I have two separate queries that generate tables that have the following structure:
user_id | 2017_spend | 2017_decile
and
user_id | 2016_spend | 2016_decile
where the decile columns is a 10% percentile grouping, generated using Redshift’s RANK() and NTILE window functions.
Now, I want to join these two into a single table that has every unique User ID in the first column, and their spend and decile information in the following 4 columns. This seems a straightforward task, but I have not been able to get this work as desired. Every JOIN that I do (LEFT, LEFT OUTER, FULL OUTER, INNER) results in a loss of data. Because if someone was a customer in 2016 but not in 2017 (or vice versa), then there will be no match and the JOIN will exclude them. And as I understand, a UNION will simply stack the two tables on top of each other, resulting in duplicate user_id’s.
Am I missing something basic? (It feels like I am) .
My instinct is that a FULL OUTER JOIN should do what you’re trying to do, but perhaps there’s some reason I can’t think of that it doesn’t.
An inelegant but potentially effective solution could be to UNION the tables then group by user_id and use MIN/MAX to aggregate to one row per user.
This assumes you’ve only got one value per user for each of the four columns.
WITH step1 AS(
SELECT
user_id,
2016_spend,
2016_decile,
null AS 2017_spend,
null AS 2017_decile
FROM table_1
UNION
SELECT
user_id,
null AS 2016_spend,
null AS 2016_decile,
2017_spend,
2017_decile
FROM table_2
)
SELECT
user_id,
MIN(2016_spend),
MIN(2016_decile),
MIN(2017_spend),
MIN(2017_decile)
FROM step1
If the problem is duplication then you have about a million ways of dealing with it
WITH duplicates_from_various_sets (
SELECT user from 2017_spend
UNION
SELECT user from 2016_spend
) SELECT distinct user from duplicates_from_various_sets
WITH mock as (
SELECT DISTINCT 1::int2 flag, invoice_id from 2017_spend
UNION DISTINCT
SELECT DISTINCT 2::int2 flag, invoice_id from 2016_spend
)
SELECT invoice_id,
bit_or(flag) – if you need to know which sets was invoice found in 1 - first, 2 - second, 3 - both
You can use this as a skeleton to put all your left outer joins onto… i.e.

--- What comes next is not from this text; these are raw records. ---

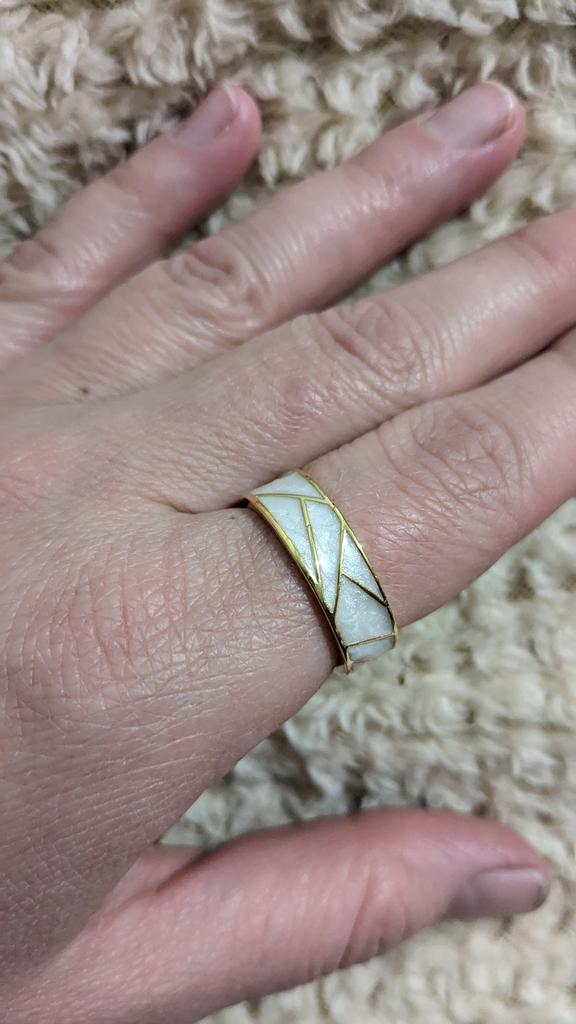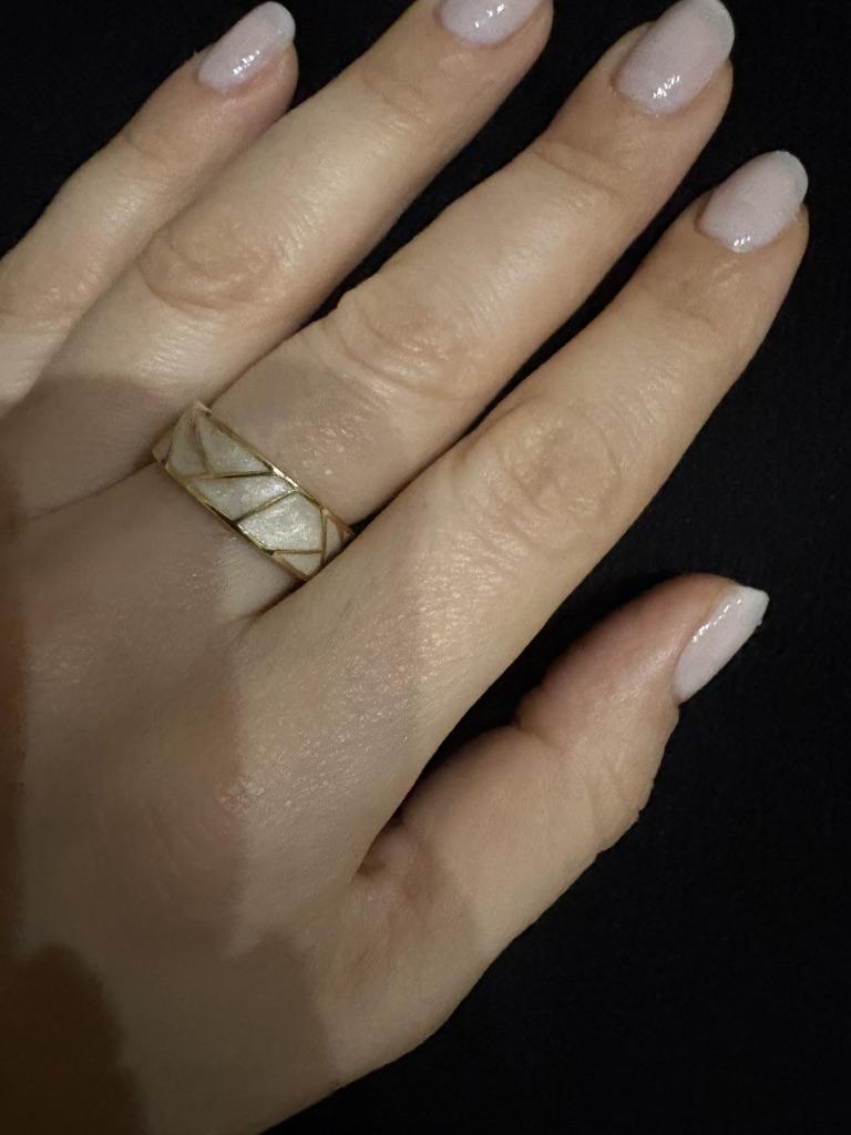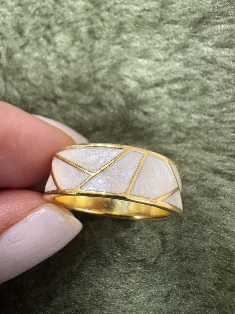 Пришло кольцо целое и окуратное. Размер соответствует. Но на фото кольцо как перламутр а в реалии заливка что то типо акрил перламутрового цвета с блеском. Типо лак для ногтей перламутровый. Расстроилась. Золотые грани очень окуратно выполнены. Быду носить и дополню по поводу как держится золото.
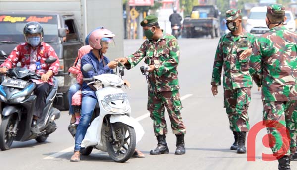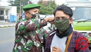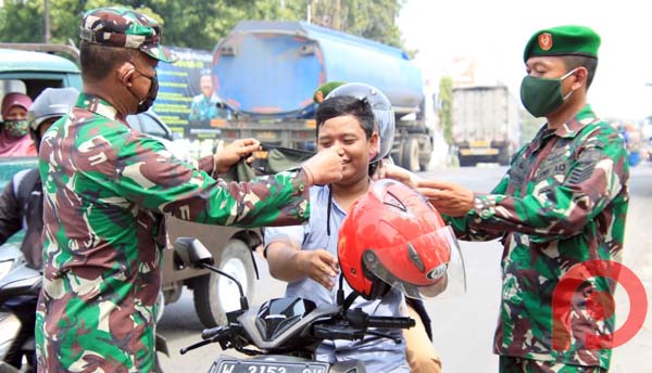 Betapa tidak, senyum ramah serta sapa tak segan-segan dilakukan oleh prajurit di bawah kendali Letkol Inf Sidik Wiyono ketika membagikan ratusan masker bagi para pengendara yang lewat di depan Makodim, Jalan Panglima Sudirman.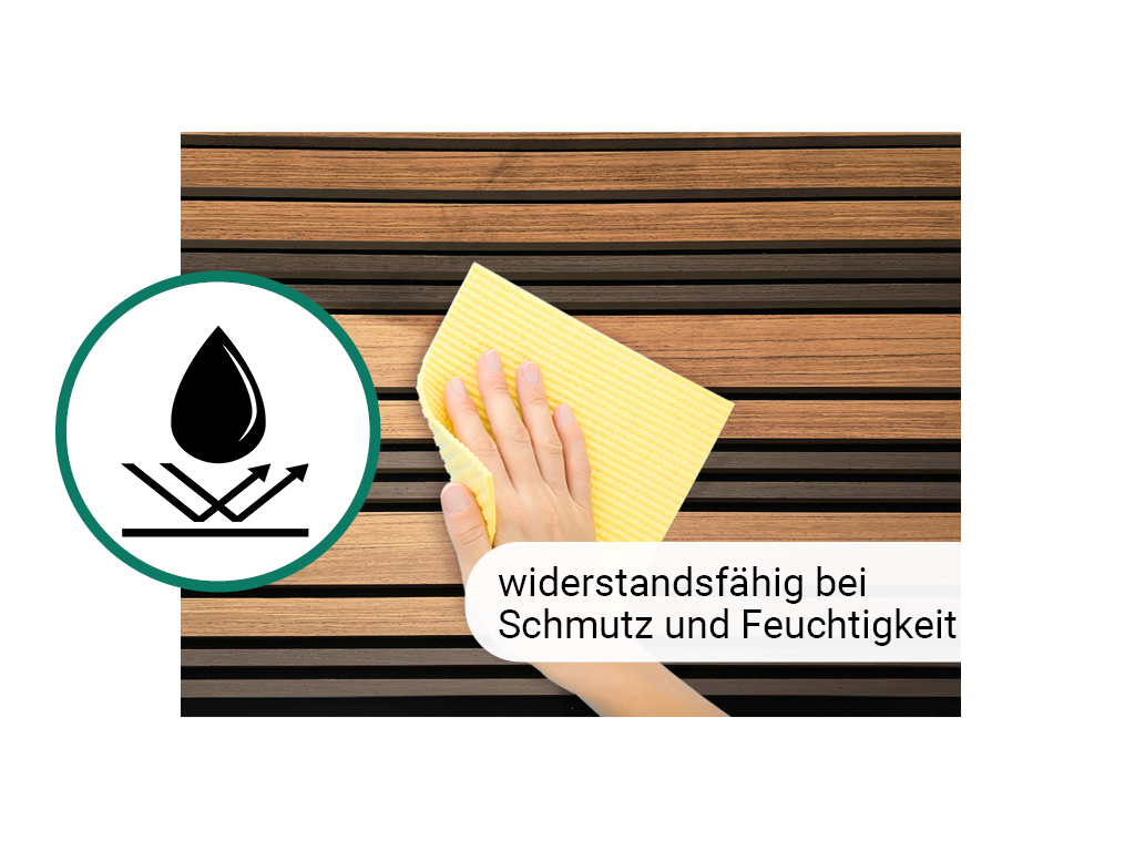 • Mit Furnier aus astfreiem Echtholz belegte Lamellen aus MDF

– sum(1) should be a faster de-duplicator than DISTINCT, at least in PADB it was
WITH superset_of_invoices as (
SELECT invoice_id, bit_or(flag) as appears_in from (
SELECT 1::int2 flag, invoice_id, sum(1) from 2017_spend group by 1,2
UNION
SELECT 2::int2 flag, invoice_id, sum(1) from 2016_spend group by 1,2
) pile_of_invoices
) SELECT invoice_id,
appears_in,
COALESCE(2017_spend.amount,0) as 2017_spend_amount ,
COALESCE(2017_spend.amount,0) as 2016_spend_amount
FROM superset_of_invoices,
LEFT OUTER JOIN 2017_spend using(invoice_id)
LEFT OUTER JOIN 2016_spend using(invoice_id)
… Many ways to skin this cat. Check what’s faster and cheaper, i guess?
The FULL OUTER JOIN should do what your after without any loss of data (as it will include rows from both tables).
Let’s cover the three possibilities:
Customer 1 occurs in both 2016 and 2017
Customer 2 occurs in 2016 only
Customer 3 occurs in 2017 only
we can mock this out simply with the following dummy values
INSERT INTO test.c_2016 VALUES (1, 1, 1);
INSERT INTO test.c_2016 VALUES(2, 1, 1);
INSERT INTO test.c_2017 VALUES (1, 2, 2);
INSERT INTO test.c_2017 VALUES(3, 1, 1);
we expect to yield 3 rows in a table that looks something similar to
user_id
spend_2016
decile_2016
spend_2017
decile_2017
1
1
1
2
2
2
1
1
null
null
3
null
null
1
1
To get this result we can join the two tables using a FULL OUTER JOIN on user_id which gives the expected result.
SELECT
COALESCE(c_2016.user_id, c_2017.user_id) AS user_id,
c_2016.spend_2016,
c_2016.decile_2016,
c_2017.spend_2017,
c_2017.decile_2017
FROM
test.c_2016
FULL OUTER JOIN
test.c_2017 ON
c_2016.user_id = c_2017.user_id
ORDER BY user_id ASC